Reputation: 2336
I have an arcpy
process that requires doing a union on a bunch of layers, running some calculations, and writing an HTML report. Given the number of reports I need to generate (~2,100) I need this process to be as quick as possible (my target is 2 seconds per report). I've tried a number of ways to do this, including multiprocessing, when I ran across a problem, namely, that running the multi-process part essentially takes the same amount of time no matter how many cores I use.
For instance, for the same number of reports:
and so on. It works out to the same total time because churning through twice as many at a time takes twice as long to do.
Does this mean my problem is I/O bound, rather than CPU bound? (And if so - what do I do about it?) I would have thought it was the latter, given that the large bottleneck in my timing is the union (it takes up about 50% of the processing time). Unions are often expensive in ArcGIS, so I assumed breaking it up and running 2 - 10 at once would have been 2 - 10 times faster. Or, potentially I implementing multi-process incorrectly?
## Worker function just included to give some context
def worker(sub_code):
layer = 'in_memory/lyr_{}'.format(sub_code)
arcpy.Select_analysis(subbasinFC, layer, where_clause="SUB_CD = '{}'".format(sub_code))
arcpy.env.extent = layer
union_name = 'in_memory/union_' + sub_code
arcpy.Union_analysis([fields],
union_name,
"NO_FID", "1 FEET")
#.......Some calculations using cursors
# Templating using Jinjah
context = {}
context['DATE'] = now.strftime("%B %d, %Y")
context['SUB_CD'] = sub_code
context['SUB_ACRES'] = sum([r[0] for r in arcpy.da.SearchCursor(union, ["ACRES"], where_clause="SUB_CD = '{}'".format(sub_code))])
# Etc
# Then write the report out using custom function
write_html('template.html', 'output_folder', context)
if __name__ == '__main__':
subList = sorted({r[0] for r in arcpy.da.SearchCursor(subbasinFC, ["SUB_CD"])})
NUM_CORES = 7
chunk_list = [subList[i:i+NUM_CORES] for i in range(0, len(subList), NUM_CORES-1)]
for chunk in chunk_list:
jobs = []
for subbasin in chunk:
p = multiprocessing.Process(target=worker, args=(subbasin,))
jobs.append(p)
p.start()
for process in jobs:
process.join()
Upvotes: 0
Views: 349
Reputation: 15310
You don't show us quite enough to be sure what you are doing. For example, what is your env.workspace
? And what is the value of subbasinFC
? It seems like you're doing an analysis at the beginning of each process to filter down the data into layer
. But is subbasinFC
coming from disk, or from memory? If it's from disk, I'd suggest you read everything into memory before any of the processes try their filtering. That should speed things along, if you have the memory to support it. Otherwise, yeah, you're I/O bound on the input data.
Forgive my arcpy
cluelessness, but why are you inserting a where clause in your sum of context['SUB_ACRES']

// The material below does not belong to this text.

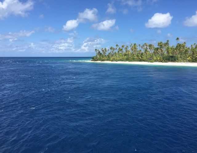 Over the lunch hour, our captain and bridge team brought the ship through a narrow pass on the Apataki atoll, the first to be visited. These islands are so low—not much higher than the coconut palms that grow on them—that we don’t see them until we are nearly there.
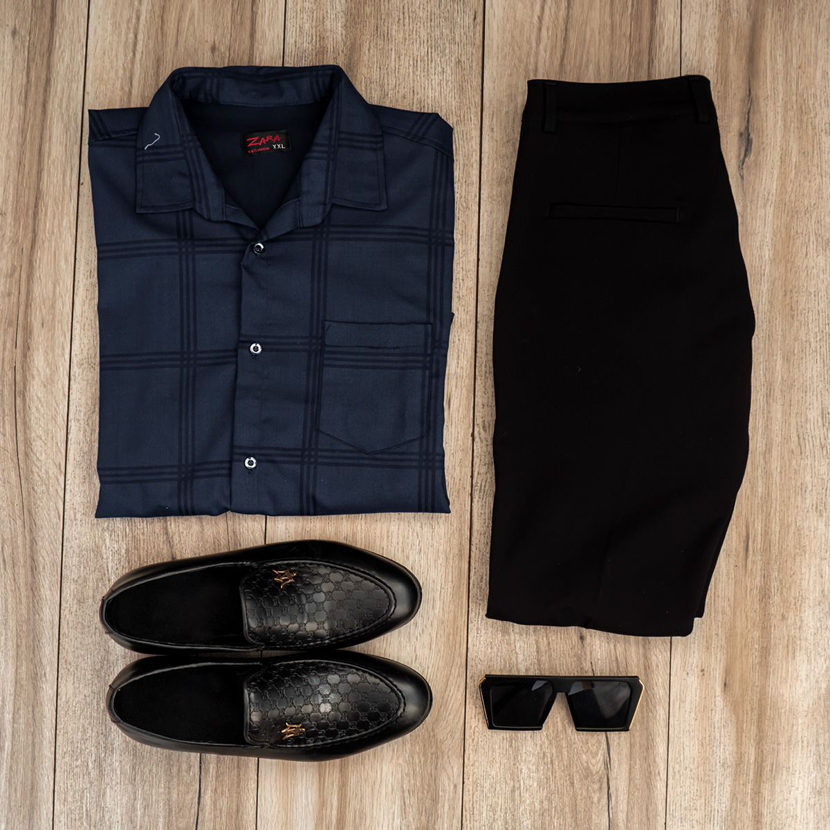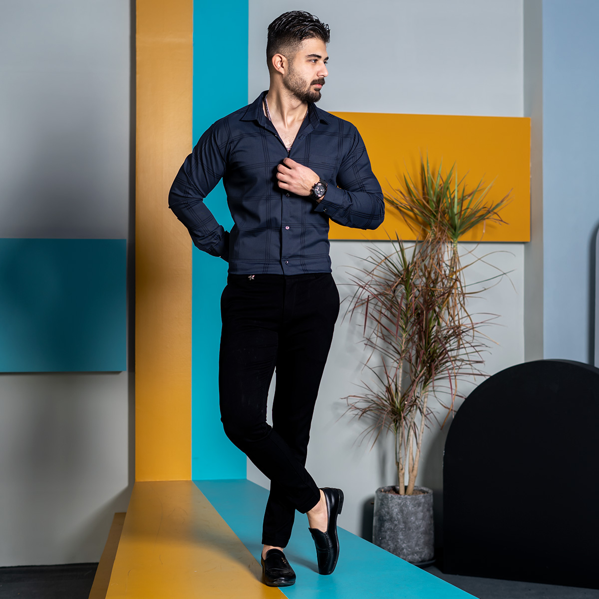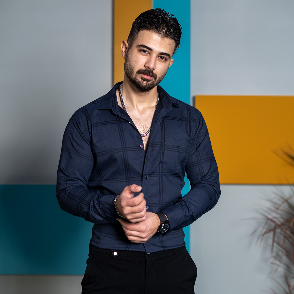 پیراهن مردانه چهارخونه سرمه ای مدل Ravin

? Didn't you already filter on sub_code
at the start? (We don't know what the union is, so maybe you're unioning with something unfiltered...)
Upvotes: 1
Reputation: 70602
There isn't much to go on here, and I have no experience with ArcGIS. So I can just note two higher-level things. First, "the usual" way to approach this would be to replace all the code below your NUM_CORES = 7
with:
pool = multiprocessing.Pool(NUM_CORES)
pool.map(worker, subList)
pool.close()
pool.join()
map()
takes care of keeping all the worker processes as busy as possible. As is, you fire up 7 processes, then wait for all of them to finish. All the processes that complete before the slowest vanish, and their cores sit idle waiting for the next outer loop iteration. A Pool
keeps the 7 processes alive for the duration of the job, and feeds each a new piece of work to do as soon as it finishes its last piece of work.
Second, this part ends with a logical error:
chunk_list = [subList[i:i+NUM_CORES] for i in range(0, len(subList), NUM_CORES-1)]
You want NUM_CORES
there rather than NUM_CORES-1
. As-is, the first time around you extract
subList[0:7]
then
subList[6:13]
then
subList[12:19]
and so on. subList[6]
and subList[12]
(etc) are extracted twice each. The sublists overlap.
Upvotes: 3
Reputation: 3176
I'm not sure you are using the Process
pool correctly to track your jobs. This:
for subbasin in chunk:
p = multiprocessing.Process(target=worker, args=(subbasin,))
jobs.append(p)
p.start()
for process in jobs:
process.join()
Should instead be:
for subbasin in chunk:
p = multiprocessing.Process(target=worker, args=(subbasin,))
p.start()
p.join()
Is there a specific reason you are going against the spec of using the multiprocessing library? You are not waiting until the thread terminates before spinning another process up, which is just going to create a whole bunch of processes that are not handled by the parent calling process.
Upvotes: 0